For instance, surely every school board in Canada or the United States has cited a recommendation from some prominent medical group to back its decision to either have children return to school in the weeks ahead, or continue learning strictly remotely from home.

In a way, medical experts are akin to pro-sports GMs.

Just as no one in football, hockey, baseball or basketball knows more about potential draftees than the GMs — going back to why some prospect might have got into trouble in grade school — in the end, on draft day, they’re still guessing. Their guesses are more educated than ours, but they’re guessing just the same. That’s why the number of quarterbacks selected in Round 1 of the NFL draft in the decade just concluded that did not pan out outnumbered those that did.

Similarly, if you’ll pardon this further aside, all the medical experts we see on TV, or learn about in the news such as the conference medical experts above, in the end — as well-intentioned as they are — are merely guessing as to the best course of action.

For proof of that, see famed Dr. Anthony Fauci, who just seven months ago said COVID-19 wasn’t anything to worry about, and who just four months ago said there was no need for the widespread wearing of protective face coverings, something Canadian health leaders also said at the time. Well, facts and knowledge changed; those medical folks rightly adjusted.

Look, the only people sure about what should have been done regarding COVID-19 weeks or months ago have some deep-seeded political axe to grind. The rest of us live in the real world.

Anyway, back to football.
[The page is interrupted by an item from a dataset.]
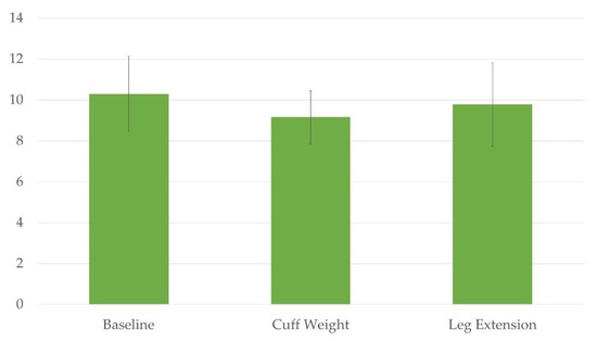 Technical difficulties and the peculiarities of some participants’ throwing stances prevented the use of video data for kinematic analyses for more than seven of the participants (five male and two female). Comparing the release-point distances of the intervention conditions against the control conditions (Table 2) revealed a significant advantage for the lengthened trailing leg condition (p = 0.026), with release points being an average of 9.2 cm closer to the target (95% confidence interval (CI) [−0.1 cm, 18.5 cm]), and this was a medium-to-strong effect (Cohen’s d = 0.67). By comparison, the weighted trailing leg yielded no significant advantage (Table 3), with an average reduction in throwing distance of merely 1.2 cm (95% CI [−11.4 cm, 13.8 cm]), for an effect size of 0.07. No significant differences were found for elbow angle, lead leg angle or release angle.

Colleges aside, what about the NFL?

It’s still full steam ahead for that pro league.

The NFL on Tuesday underscored its intention to play a full 17-week regular-season schedule and usual post-season playoffs, culminating with Super Bowl LV on Feb. 7 at Raymond James Stadium in Tampa, Fla.

“We’re very confident in our (COVID-19) protocols, and focused on a season that … starts and ends as scheduled,” Peter O’Reilly, the league’s executive VP for club business and league events, told reporters on a video conference call, per TheAthletic.com.
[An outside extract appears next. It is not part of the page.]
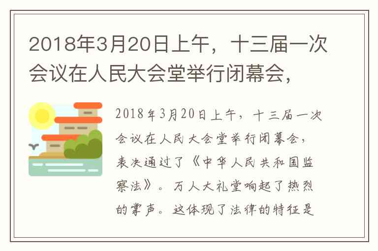 2018年3月20日上午,十三届一次会议在人民大会堂举行闭幕会,表决通过了《中华人民共和国监察法》。万人大礼堂响起了热烈的掌声。这体现了法律的特征是( ) A. 法律是由国家制定或认可的 B. 法律就在我们身边 C. 我们的生活与监察法息息相关 D. 法律面前人人平等

“That said, obviously, we are about being flexible and being adaptable. We’ve lived that. Everybody has had to live that over these recent months, and we are no exception to that.”

Indeed, facts and knowledge about COVID-19 and how it might affect a couple thousand cloistered, grown men in fabulous physical condition who soon will be routinely slobber-knocking spit into one another’s faces are sure to change.

Continually.

Everything’s fluid, folks. As we’ve all had to get used to since March.